**Collected data:**

******

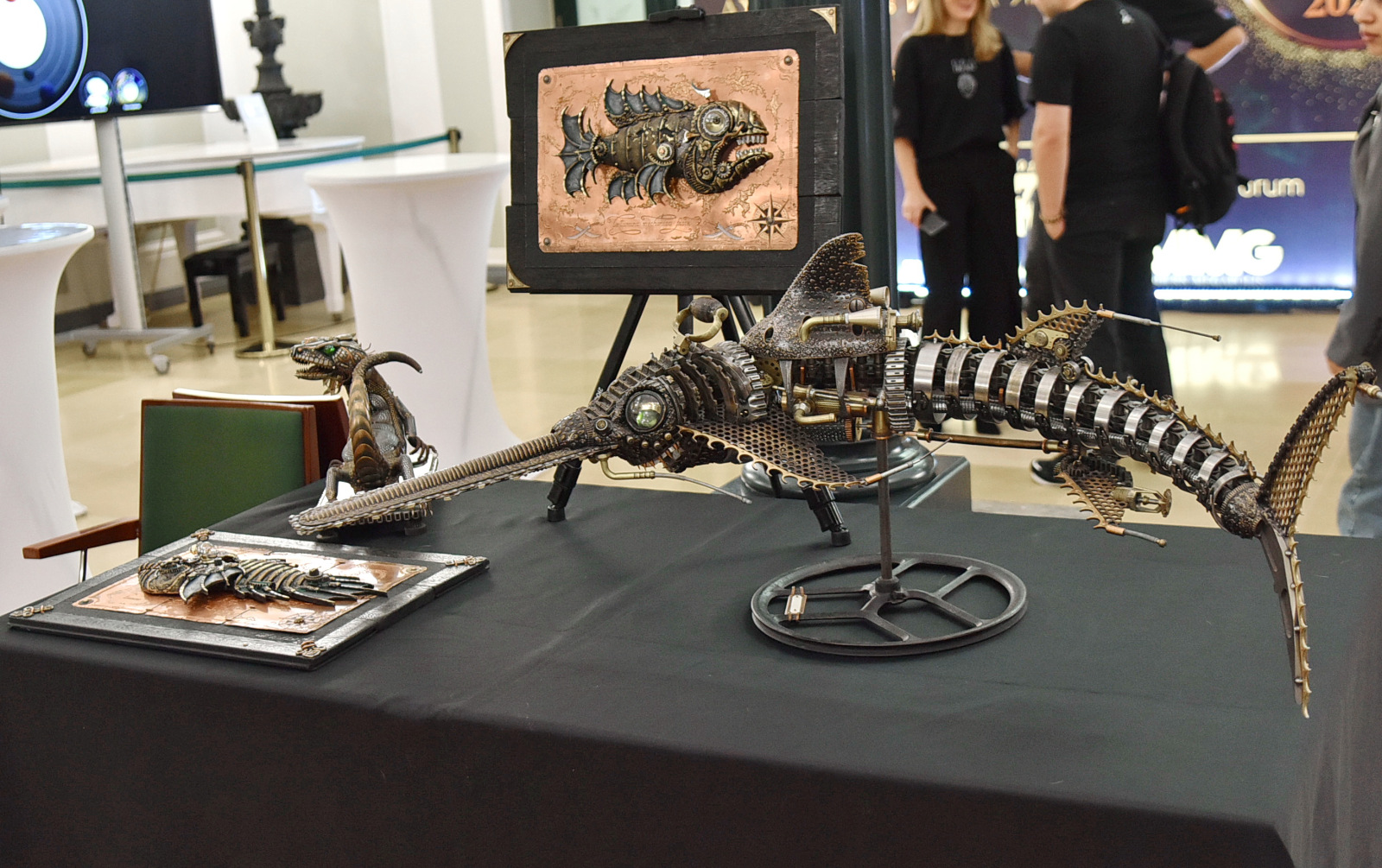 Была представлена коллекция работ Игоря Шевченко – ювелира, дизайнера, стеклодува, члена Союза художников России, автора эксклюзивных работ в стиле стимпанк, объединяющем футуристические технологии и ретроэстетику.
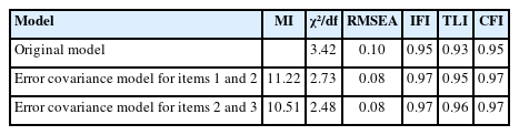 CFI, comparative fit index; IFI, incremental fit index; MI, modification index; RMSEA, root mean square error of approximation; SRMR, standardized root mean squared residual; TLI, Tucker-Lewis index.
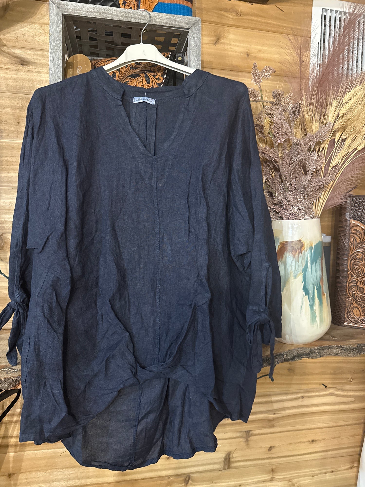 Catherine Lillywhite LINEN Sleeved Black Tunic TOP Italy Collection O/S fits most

******

**Task item:** Your copy should match the material above exactly, minus its pictures.

**Answer space:**
 Была представлена коллекция работ Игоря Шевченко – ювелира, дизайнера, стеклодува, члена Союза художников России, автора эксклюзивных работ в стиле стимпанк, объединяющем футуристические технологии и ретроэстетику.
 CFI, comparative fit index; IFI, incremental fit index; MI, modification index; RMSEA, root mean square error of approximation; SRMR, standardized root mean squared residual; TLI, Tucker-Lewis index.
 Catherine Lillywhite LINEN Sleeved Black Tunic TOP Italy Collection O/S fits most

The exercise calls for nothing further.